§ What you should do
Apart from the images, every record here needs to be copied exactly.

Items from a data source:
▼▼▼

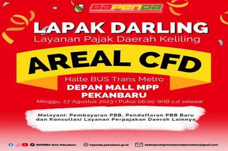 Sebelumnya, Badan Pendapatan Daerah Kota Pekanbaru giat melakukan jemut bola layanan pembayaran PBB yang dilabeli ' Lapak Darling' yang dibuka di area Car Free Day (CFD), Minggu,(27/8/2023) jelang berakhirnya masa jatuh tempo saat masih ditetapkan pada akhir Bulan Agustus 2023.
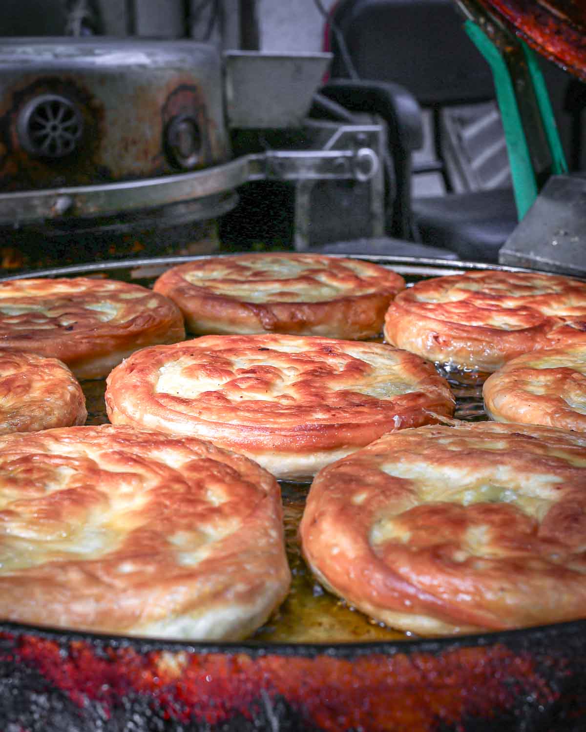 This husband and wife team have been feeding their neighbors Xian’s famous sour dumplings for decades. Filled with meat, the dumplings are characterized by their tangy broth infused with Chinese black vinegar, soy sauce, garlic, and chili oil. Give them a big smile and they may even let you try making some of your own!
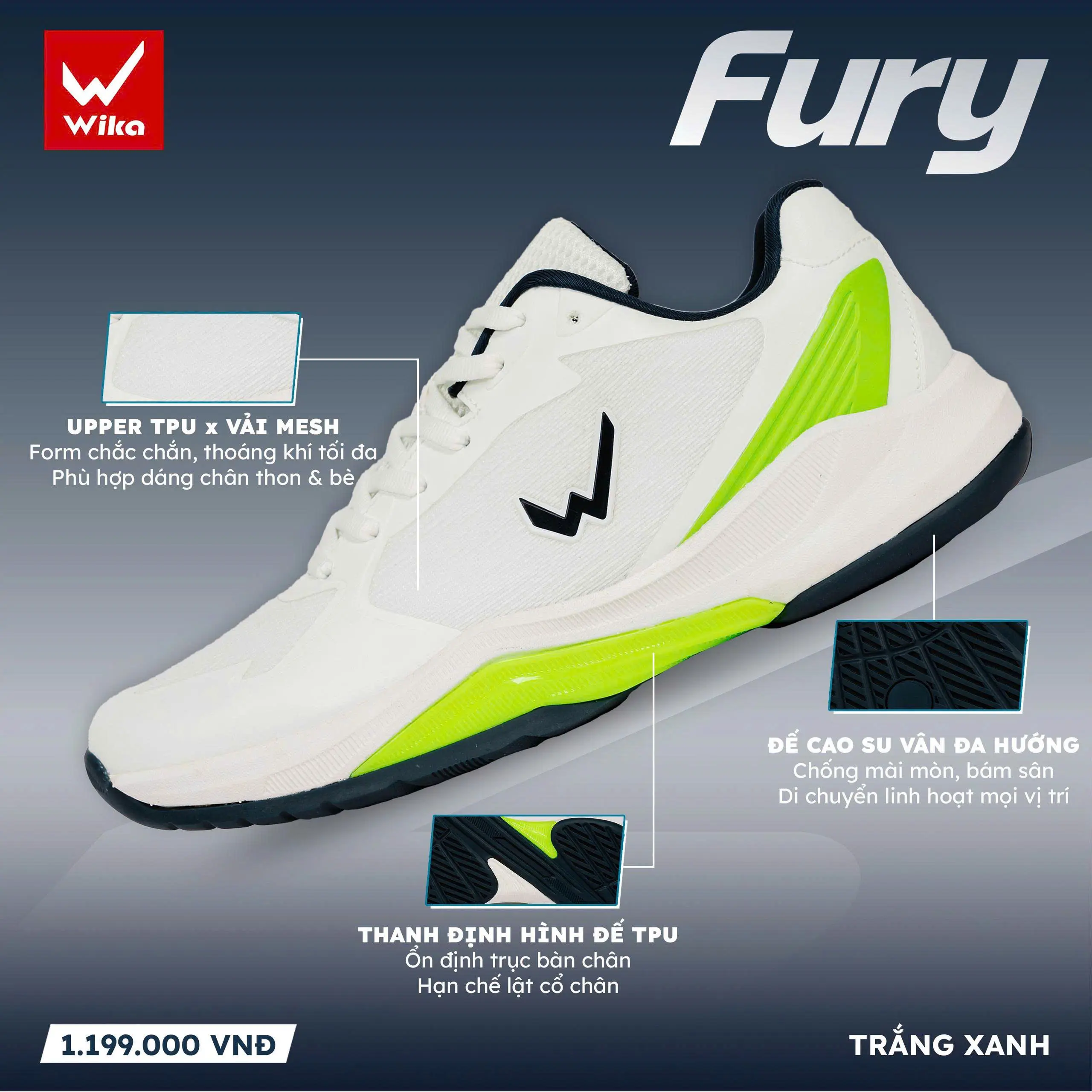 GIÀY THỂ THAO PICKLEBALL, CẦU LÔNG FURY WIKA
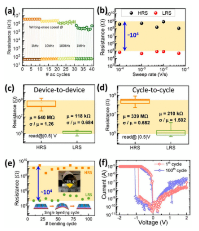 圖4. 電阻狀態和彎曲測試的統計分布。(a) 在1kHz到1MHz的不同寫入和擦除速度下記錄的電阻狀態。(b) 在0.1 mV/s到0.5 V/s的不同掃描速度下,從固定讀取電壓(-0.5 V)的I-V曲線中得到的LRS和HRS變化。(c, d) 分別是十個不同器件(器件對器件)和單個器件的多個周期(周期對周期)的電阻值的統計分布。(e) 彎曲測試期間的LRS和HRS電阻超過100個彎曲周期,一個彎曲周期的示意圖(插圖)。(f) 器件在100個彎曲周期之前和之后的半對數I-V曲線。
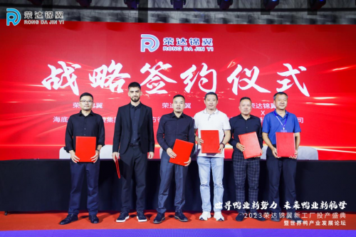 活动现场,荣达锦翼总经理李广周介绍了企业在产业、产能、设备等诸多优势和产品规划,他表示企业未来将全力向着“2023年完成产业链布局,2024年综合产业营收破60亿,2026年IPO上市”的经营目标奋进!此次论坛现场还举办了荣达锦翼与多位国内国外采购商的战略签约仪式。

▲▲▲

§ Task output
 Sebelumnya, Badan Pendapatan Daerah Kota Pekanbaru giat melakukan jemut bola layanan pembayaran PBB yang dilabeli ' Lapak Darling' yang dibuka di area Car Free Day (CFD), Minggu,(27/8/2023) jelang berakhirnya masa jatuh tempo saat masih ditetapkan pada akhir Bulan Agustus 2023.
 This husband and wife team have been feeding their neighbors Xian’s famous sour dumplings for decades. Filled with meat, the dumplings are characterized by their tangy broth infused with Chinese black vinegar, soy sauce, garlic, and chili oil. Give them a big smile and they may even let you try making some of your own!
 GIÀY THỂ THAO PICKLEBALL, CẦU LÔNG FURY WIKA
 圖4. 電阻狀態和彎曲測試的統計分布。(a) 在1kHz到1MHz的不同寫入和擦除速度下記錄的電阻狀態。(b) 在0.1 mV/s到0.5 V/s的不同掃描速度下,從固定讀取電壓(-0.5 V)的I-V曲線中得到的LRS和HRS變化。(c, d) 分別是十個不同器件(器件對器件)和單個器件的多個周期(周期對周期)的電阻值的統計分布。(e) 彎曲測試期間的LRS和HRS電阻超過100個彎曲周期,一個彎曲周期的示意圖(插圖)。(f) 器件在100個彎曲周期之前和之后的半對數I-V曲線。
 活动现场,荣达锦翼总经理李广周介绍了企业在产业、产能、设备等诸多优势和产品规划,他表示企业未来将全力向着“2023年完成产业链布局,2024年综合产业营收破60亿,2026年IPO上市”的经营目标奋进!此次论坛现场还举办了荣达锦翼与多位国内国外采购商的战略签约仪式。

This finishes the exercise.